The Western Sydney Parklands Trust faces a major challenge in making this significant greenway corridor more legible. Strategic planning for the WSP focuses on attracting increased visitation and use while at the same time distinguishing it from adjoining urban development. The current Plan of Management for the Parklands (the main instrument for directing design and development within the parkland) addresses the establishment of a cohesive image for the Parklands (WSPT 2010) as one of several objectives focused on improving recreation and parkland infrastructure. The image issue is a high priority for the WSP Trust and has led to several design-focused initiatives, including a design manual and a community art project.

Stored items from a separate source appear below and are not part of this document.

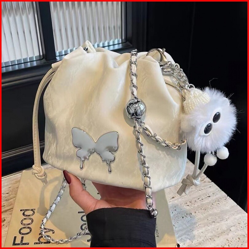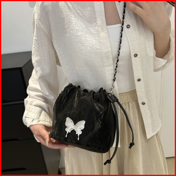 Tas Bucket Kupu-kupu Tas Rantai Selempang Tas Ember Sling Bag Fashion Tas Bahu Shoulder Bag
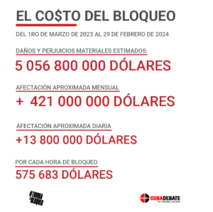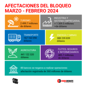 De acuerdo con el último informe presentado por La Habana en septiembre pasado, el bloqueo ha representado pérdidas a la isla por 5.056,8 millones de dólares entre marzo de 2023 y febrero de 2024.
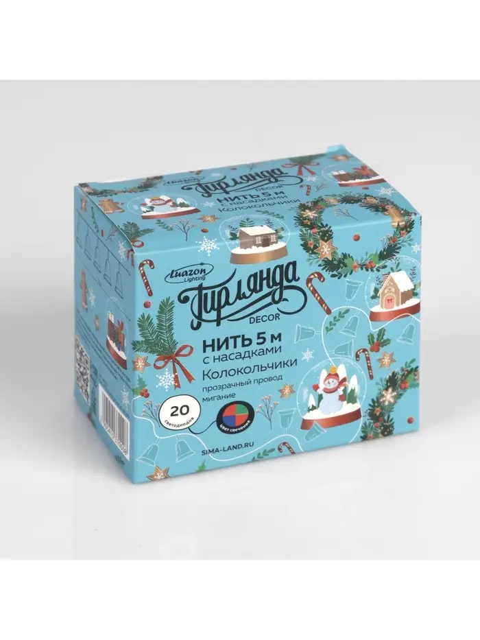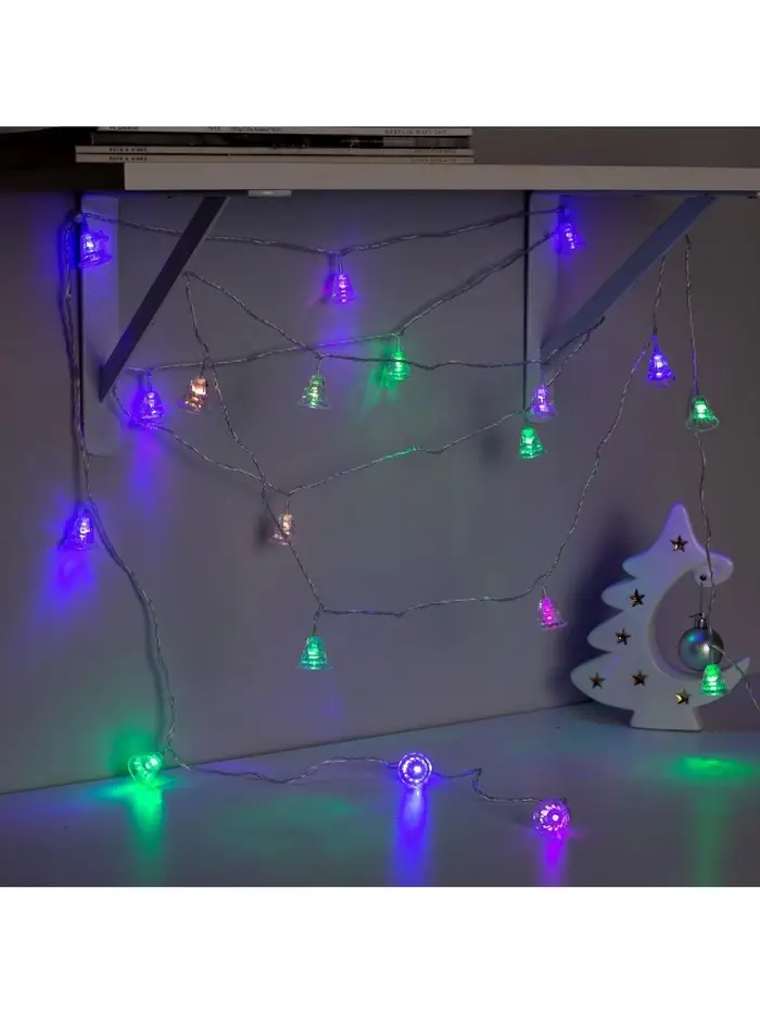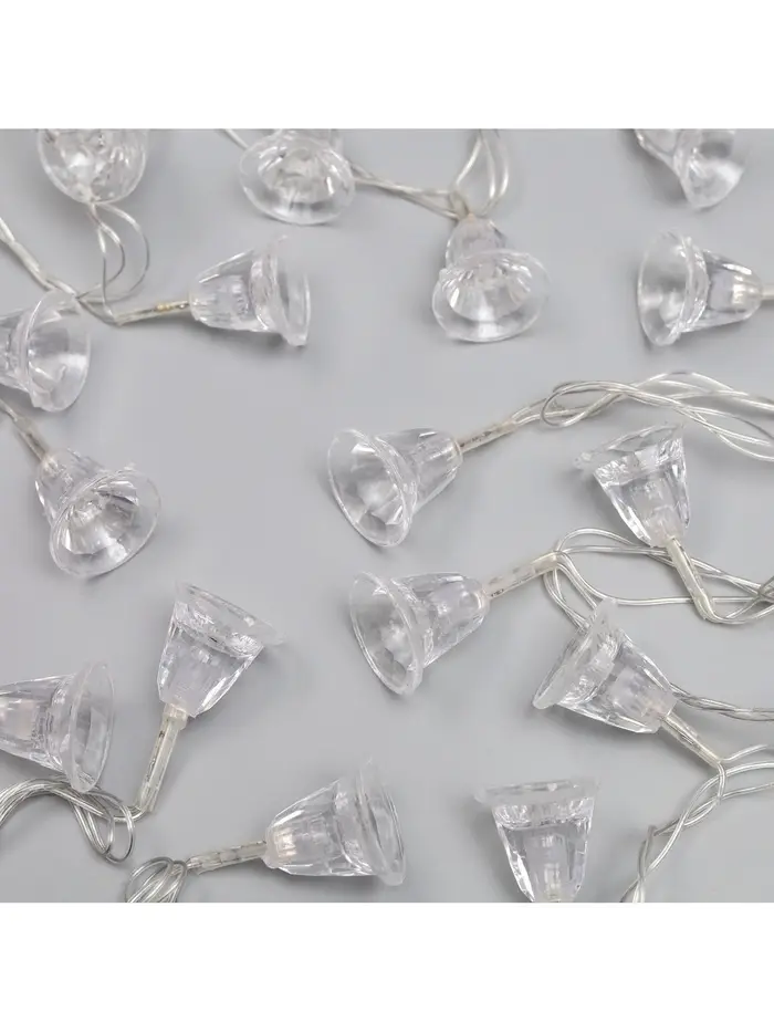 Гирлянда «Нить» 5 м с насадками «Колокольчики», IP20, прозрачная нить, 20 LED, свечение мульти (RG/RB), мигание, 220 В

A third and ongoing initiative is focused on developing design proposals to enhance the identity and awareness of the boundaries of the WSP. As a preliminary step in developing the brief for this initiative, a pilot study was undertaken in collaboration with the Landscape Architecture Program at the University of New South Wales. The study was structured as an interdisciplinary, elective studio in 2012 called ‘Legible Landscapes,’ which adopted a landscape-based approach to theories and concepts of legibility, coherence and experience to generate design proposals. This paper reports on the value and significance of the process and outcomes of this pilot project, for both the students and the WSPT. We reflect on and assess the relevance of the selected theoretical frameworks, and the relevance of employing the resultant ‘blended’ frameworks as a basis for increasing greenway visual coherence and imageability in the metropolitan context of Western Sydney.